The Baltimore Post received the following letter from Attorney Ronald Schaeffer regarding the North Point Government Center.

The letter is published as written.

In addition to Mr. Schaeffer’s letter, the Post received an early morning call from an angry citizen of Baltimore City about the road conditions in the area of North Avenue and Fulton Ave.

In the article, “Olszewski encourage talks” (10-14-19), Baltimore County Executive Olszewski contends it would take tens of millions of dollars to renovate or repair the existing facilities at North Point Government Center Park in Dundalk. This bald assertion begs several questions. Has the County ever commissioned an impartial expert to perform a comprehensive evaluation of the existing facility, as has been requested by the community? North Point’s historic brick building is one of the oldest public structures in the area. It was constructed to serve the needs of a booming school population during the post-WWII years when Bethlehem’s steel was king. After the school doors closed for good, the Dundalk Chorus of the Chesapeake scrapped, scrubbed, and washed down the performance hall so recreation programs could have a home. Volunteer program leaders made over other parts of the building, so kids had a place to play. Has any consideration been given to conducting a robust community meeting to determine what else the residents would like to see at this site? The arts, local history, and environmental possibilities are unlimited.

What money is currently budgeted for North Point? What (if any) effort has been made to engage our state government in assisting with such a worthwhile project? What effort has been made to research grant potential? Has consideration been given to completing a state-of-the-art community facility in phases – as has been the case with many capital projects? The County Executive often refers to his intent to make Baltimore County better. We would argue why not the best for our community? As RFK once stated, “Some men see things as they are, and ask why. I dream of things that never were and ask why not.” Why not the BEST for Dundalk, Mr. Olszewski?

The County Executive mentioned a significant risk of litigation if it backed out of the proposed contract. It is important to note that local citizens advised the County of the requirement of PRIOR Board of Public Works approval for the proposed contract, and requested them to delay voting until approval was granted. An arrogant County Council (which did not yet include Councilman Crandell) railroaded the vote through in December 2013, without consulting the Board. To add insult to injury, in November 2014, the same arrogant and lame-duck County Council (over the objections of incoming Councilman Crandell) amended the original contract and railroaded it through without BPW approval.
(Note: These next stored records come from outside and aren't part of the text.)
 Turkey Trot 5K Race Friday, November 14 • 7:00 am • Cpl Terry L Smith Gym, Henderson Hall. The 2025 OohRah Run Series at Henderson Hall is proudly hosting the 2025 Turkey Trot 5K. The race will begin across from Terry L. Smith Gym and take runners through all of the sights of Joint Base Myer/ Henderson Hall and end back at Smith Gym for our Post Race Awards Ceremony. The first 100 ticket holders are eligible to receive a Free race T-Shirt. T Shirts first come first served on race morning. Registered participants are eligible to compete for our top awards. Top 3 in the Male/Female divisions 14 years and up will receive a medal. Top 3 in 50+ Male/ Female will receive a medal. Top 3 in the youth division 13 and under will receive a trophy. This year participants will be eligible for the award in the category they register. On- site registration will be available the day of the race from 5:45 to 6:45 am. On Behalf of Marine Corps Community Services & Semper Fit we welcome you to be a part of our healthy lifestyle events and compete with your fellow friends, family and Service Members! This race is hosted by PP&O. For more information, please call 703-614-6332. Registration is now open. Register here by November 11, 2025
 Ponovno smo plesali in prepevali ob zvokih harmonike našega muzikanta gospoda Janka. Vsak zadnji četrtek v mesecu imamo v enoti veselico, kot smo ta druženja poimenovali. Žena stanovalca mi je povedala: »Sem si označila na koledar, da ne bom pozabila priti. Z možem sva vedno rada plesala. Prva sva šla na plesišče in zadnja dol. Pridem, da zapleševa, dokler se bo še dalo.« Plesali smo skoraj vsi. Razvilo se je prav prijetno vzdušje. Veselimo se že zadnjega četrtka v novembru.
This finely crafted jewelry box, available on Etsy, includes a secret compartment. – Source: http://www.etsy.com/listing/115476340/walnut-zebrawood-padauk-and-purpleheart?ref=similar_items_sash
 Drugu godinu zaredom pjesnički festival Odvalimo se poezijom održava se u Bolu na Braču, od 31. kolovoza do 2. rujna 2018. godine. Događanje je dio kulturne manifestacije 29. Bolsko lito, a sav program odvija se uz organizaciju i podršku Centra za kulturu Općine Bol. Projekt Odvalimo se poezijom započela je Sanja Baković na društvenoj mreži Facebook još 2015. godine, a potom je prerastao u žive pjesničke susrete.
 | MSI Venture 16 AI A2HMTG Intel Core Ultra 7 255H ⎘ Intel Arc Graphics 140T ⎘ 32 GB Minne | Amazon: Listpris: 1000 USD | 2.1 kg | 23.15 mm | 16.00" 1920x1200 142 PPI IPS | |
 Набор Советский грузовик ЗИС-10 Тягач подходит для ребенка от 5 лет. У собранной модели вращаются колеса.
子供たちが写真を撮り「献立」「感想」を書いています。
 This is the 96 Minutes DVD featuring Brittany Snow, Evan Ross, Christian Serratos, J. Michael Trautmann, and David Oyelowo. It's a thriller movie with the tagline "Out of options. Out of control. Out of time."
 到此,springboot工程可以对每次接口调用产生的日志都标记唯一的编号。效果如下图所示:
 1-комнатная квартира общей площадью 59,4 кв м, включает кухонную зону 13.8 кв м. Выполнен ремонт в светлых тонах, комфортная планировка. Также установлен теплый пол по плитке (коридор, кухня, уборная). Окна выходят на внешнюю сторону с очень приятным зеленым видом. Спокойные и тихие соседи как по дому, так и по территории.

Litigation is always possible and sometimes necessary.

By ignoring the legal requirement and putting the cart before the horse, the County and the proposed developer decided to roll the dice and take the Board of Public Works for granted. Does the saying “Live by the sword. Die by the sword” come to mind?

While there are no guarantees as to who would win any legal dispute, most citizens would respect and appreciate any elected official who “fights the good fight”. Few things are more important than preserving our environment and open space for future generations. Wouldn’t that be a great legacy for any elected official? Some things are priceless!